Currier also noted that treatment of cardiovascular disease requires that the physician be aware of interactions between statins and PIs. For example, fluvastatin and pravastatin appear safe for use in HIV-infected patients, but lovastatin and simvastatin are contraindicated. The other statins have to be used with caution, she said.

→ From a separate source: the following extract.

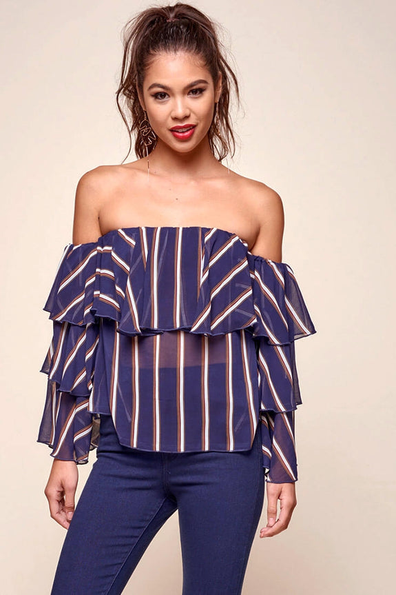 A top that you can dress both up and down, the Goldwyn Tiered Tube Top is one that you'll want to wear with jeans or a fitted mini skirt. Gorgeous bell sleeves elevate this look to new heights.

In clinical settings, it is important to consider the CVR profile of a patient with HIV infection, Currier noted. However, she explained, “The absolute risk of cardiovascular disease in the HIV population remains low, at about 2%.” Modification of coronary heart disease risk and use of antiretroviral agents less likely to cause metabolic disturbances may be warranted when patients have many options, but “the fear of coronary heart disease should not preclude the use of effective potent antiretrovirals,” she said.

In the same symposium, Dr Peter Reiss (Academic Medical Centre, Amsterdam), illustrated how the treatment choices fit into selection of therapy, noting that a patient’s risk of heart disease might be reduced by a more intelligent selection of HIV drugs.4

While NNRTIs are not the only answer, one small study shed some light on their role in lipid metabolism. The NILE (Nevirapine Intensive Lipid Evaluation) study was a small pilot study (N = 13) that showed that nevirapine increased high-density lipoprotein (HDL) cholesterol (ie, “good cholesterol”) levels by 19% through a 14% increase of apolipoprotein A-I levels without an increase in HDL cholesterol catabolism.8 However, he said, the best way for patients to dramatically reduce Framingham Heart scores is to quit smoking.


Summary: A Multifactorial Approach

“Cardiovascular risk assessment has become an integral component of the care for persons with HIV infection,” Reiss said. “Careful choice of antiretroviral regimens may contribute to optimization of lipid profiles. Cardiovascular disease risk reduction, however, involves much more than just paying attention to lipids.”

In other words, managing CVR is a multifactorial effort in clinical settings. Antiretroviral selection; treatment of lipid disorders; and lifestyle changes, especially diet and smoking cessation, all play a role.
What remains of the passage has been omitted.